Lower down are entries containing pictures. Copy exactly, without those pictures, the lines from the line with "FAO Schwarz Ceramic" through the line with "Ideally any goals".

## RECORDS TO PROCESS
# # # # # # #

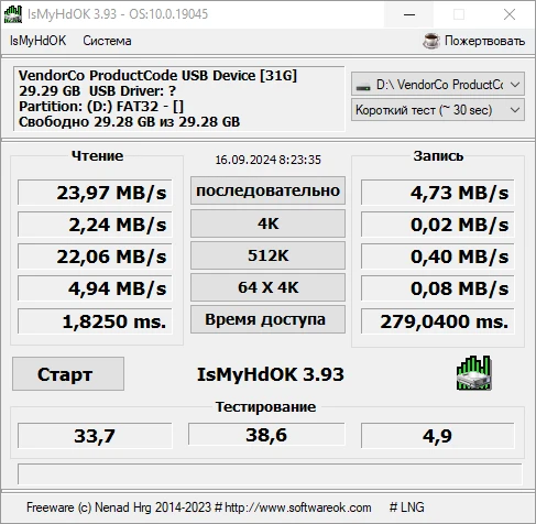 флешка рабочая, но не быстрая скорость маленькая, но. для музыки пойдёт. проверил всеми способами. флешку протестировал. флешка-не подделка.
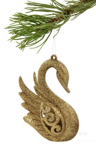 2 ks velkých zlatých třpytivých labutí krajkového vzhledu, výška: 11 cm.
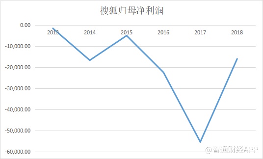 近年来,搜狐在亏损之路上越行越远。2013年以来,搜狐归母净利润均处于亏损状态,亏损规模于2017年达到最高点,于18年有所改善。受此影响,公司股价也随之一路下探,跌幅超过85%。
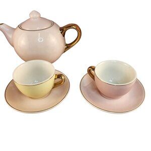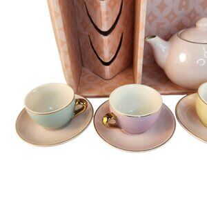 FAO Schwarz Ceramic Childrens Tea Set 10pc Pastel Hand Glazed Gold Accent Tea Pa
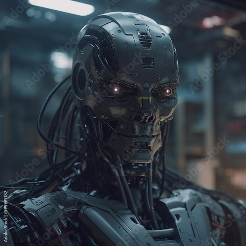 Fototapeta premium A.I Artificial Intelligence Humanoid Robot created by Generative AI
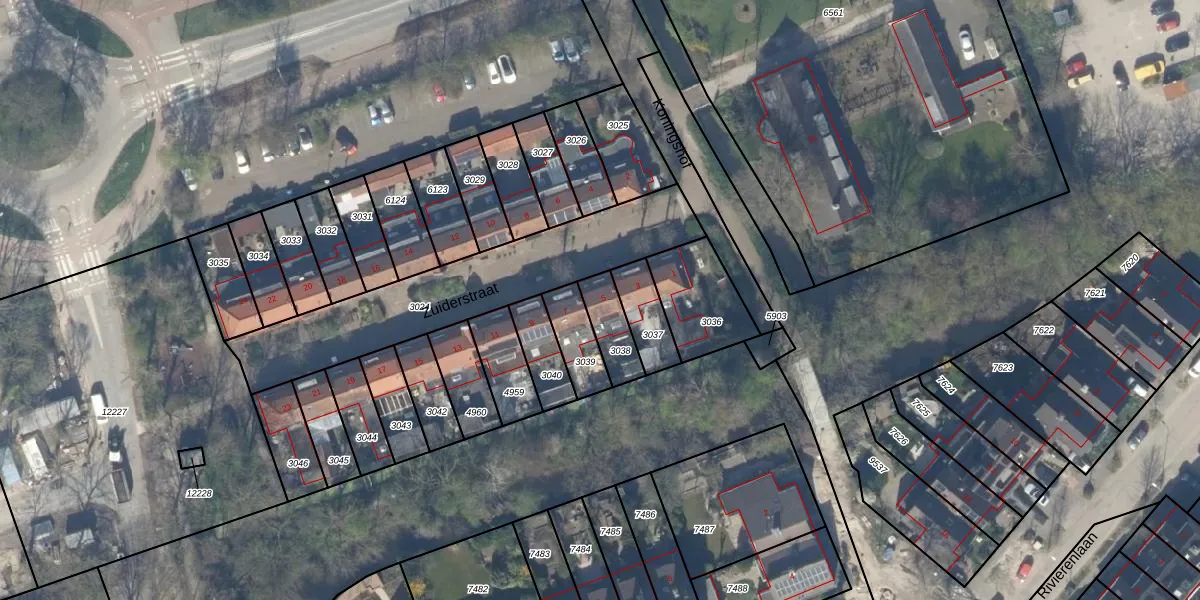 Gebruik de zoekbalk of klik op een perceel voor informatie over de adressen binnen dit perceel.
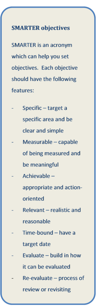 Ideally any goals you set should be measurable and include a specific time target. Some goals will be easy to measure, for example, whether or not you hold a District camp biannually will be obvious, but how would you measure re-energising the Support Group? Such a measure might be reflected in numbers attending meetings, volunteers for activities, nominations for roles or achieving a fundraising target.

# # # # # # #

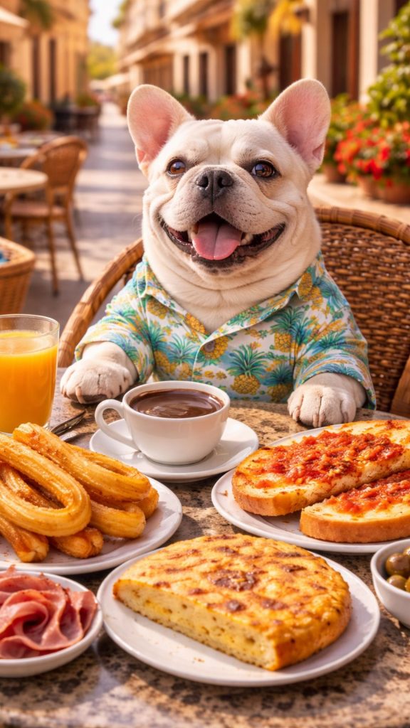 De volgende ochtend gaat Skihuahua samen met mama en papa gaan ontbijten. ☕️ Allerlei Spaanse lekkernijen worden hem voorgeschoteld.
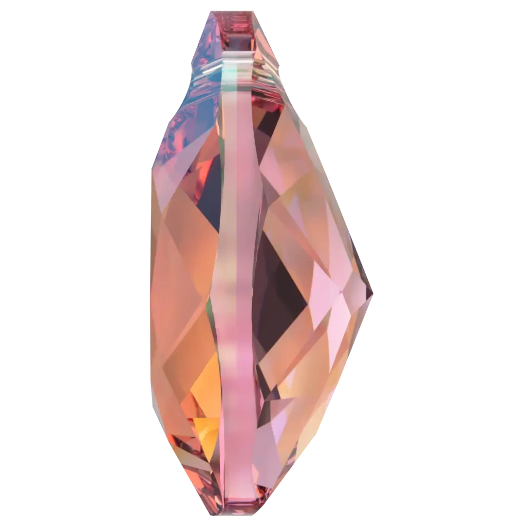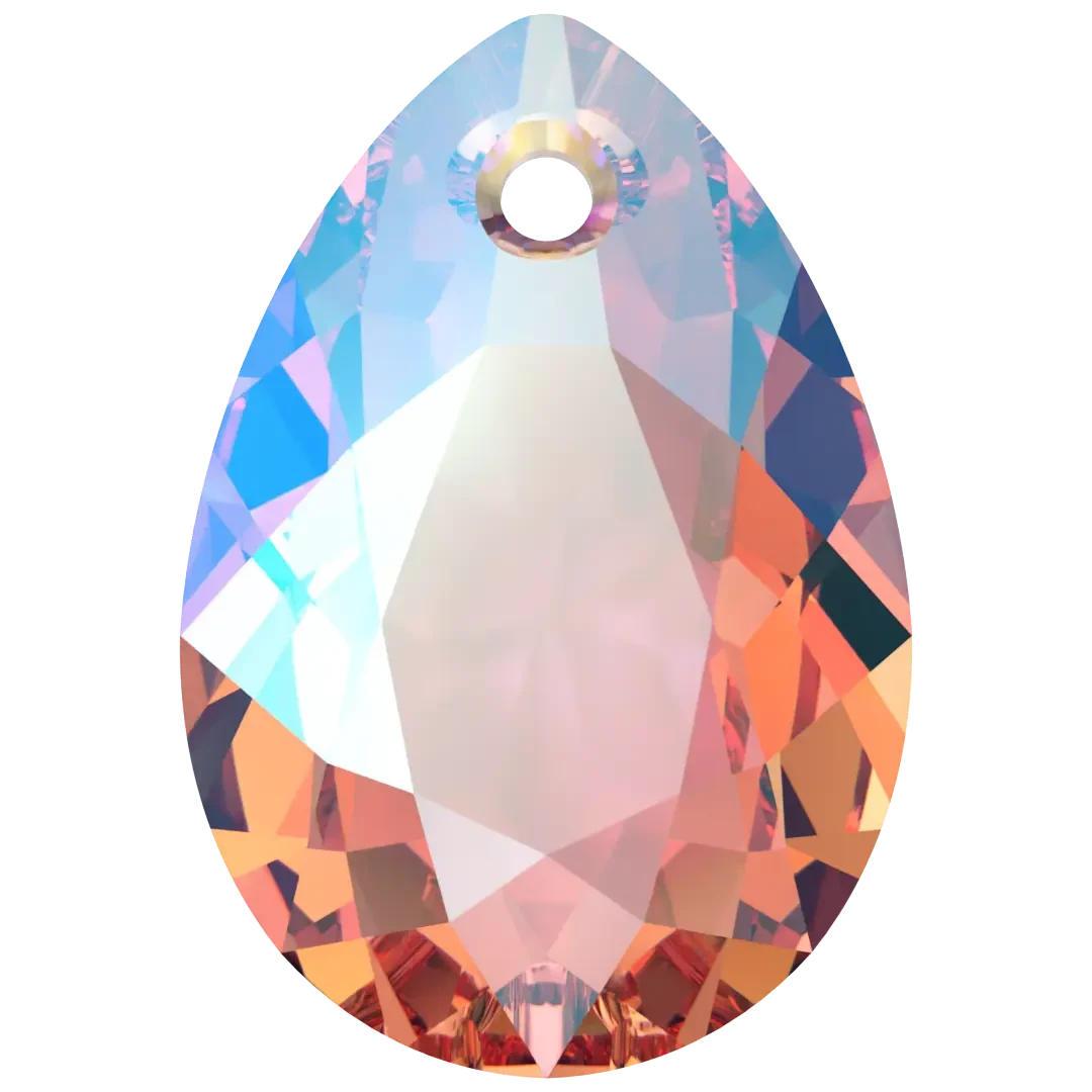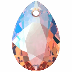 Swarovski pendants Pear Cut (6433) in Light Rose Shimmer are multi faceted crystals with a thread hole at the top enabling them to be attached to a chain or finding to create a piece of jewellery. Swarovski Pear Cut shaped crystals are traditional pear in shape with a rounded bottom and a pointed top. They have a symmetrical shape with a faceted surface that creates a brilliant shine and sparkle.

# # # # # # #

## THE COMPLETED TASK
 FAO Schwarz Ceramic Childrens Tea Set 10pc Pastel Hand Glazed Gold Accent Tea Pa
 Fototapeta premium A.I Artificial Intelligence Humanoid Robot created by Generative AI
 Gebruik de zoekbalk of klik op een perceel voor informatie over de adressen binnen dit perceel.
 Ideally any goals you set should be measurable and include a specific time target. Some goals will be easy to measure, for example, whether or not you hold a District camp biannually will be obvious, but how would you measure re-energising the Support Group? Such a measure might be reflected in numbers attending meetings, volunteers for activities, nominations for roles or achieving a fundraising target.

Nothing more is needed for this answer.